了解了基础数据类型的读写后,我们可以进一步分析Message进行封装和解析的过程,对应到WriteMessage()和ReadMessage()方法,它们会调用WriteMessageN()或者ReadMessageN()来实现。我们分析ReadMessageN()来了解解析过程,WriteMessageN()是其相反过程,不再赘述。
//btcd/wire/message.go
// ReadMessageN reads, validates, and parses the next bitcoin Message from r for
// the provided protocol version and bitcoin network. It returns the number of
// bytes read in addition to the parsed Message and raw bytes which comprise the
// message. This function is the same as ReadMessage except it also returns the
// number of bytes read.
func ReadMessageN(r io.Reader, pver uint32, btcnet BitcoinNet) (int, Message, []byte, error) {
totalBytes := 0
n, hdr, err := readMessageHeader(r) (1)
totalBytes += n
if err != nil {
return totalBytes, nil, nil, err
}
// Enforce maximum message payload.
if hdr.length > MaxMessagePayload { (2)
str := fmt.Sprintf("message payload is too large - header "+
"indicates %d bytes, but max message payload is %d "+
"bytes.", hdr.length, MaxMessagePayload)
return totalBytes, nil, nil, messageError("ReadMessage", str)
}
// Check for messages from the wrong bitcoin network.
if hdr.magic != btcnet { (3)
discardInput(r, hdr.length)
str := fmt.Sprintf("message from other network [%v]", hdr.magic)
return totalBytes, nil, nil, messageError("ReadMessage", str)
}
// Check for malformed commands.
command := hdr.command
if !utf8.ValidString(command) { (4)
discardInput(r, hdr.length)
str := fmt.Sprintf("invalid command %v", []byte(command))
return totalBytes, nil, nil, messageError("ReadMessage", str)
}
// Create struct of appropriate message type based on the command.

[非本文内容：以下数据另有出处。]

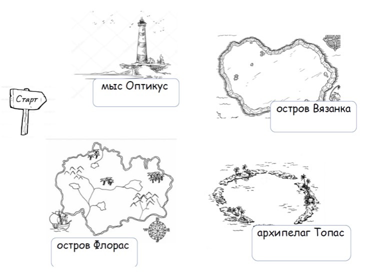 Ведущий. А теперь начнем путешествие, не зря наш остров именуется «Топос», а такое название появилось от науки Топография.

msg, err := makeEmptyMessage(command) (5)
if err != nil {
discardInput(r, hdr.length)
return totalBytes, nil, nil, messageError("ReadMessage",
err.Error())
}
// Check for maximum length based on the message type as a malicious client
// could otherwise create a well-formed header and set the length to max
// numbers in order to exhaust the machine's memory.
mpl := msg.MaxPayloadLength(pver)
if hdr.length > mpl { (6)
discardInput(r, hdr.length)
str := fmt.Sprintf("payload exceeds max length - header "+
"indicates %v bytes, but max payload size for "+
"messages of type [%v] is %v.", hdr.length, command, mpl)
return totalBytes, nil, nil, messageError("ReadMessage", str)
}
// Read payload.
payload := make([]byte, hdr.length)
n, err = io.ReadFull(r, payload) (7)
totalBytes += n
if err != nil {
return totalBytes, nil, nil, err
}
// Test checksum.
checksum := chainhash.DoubleHashB(payload)[0:4] (8)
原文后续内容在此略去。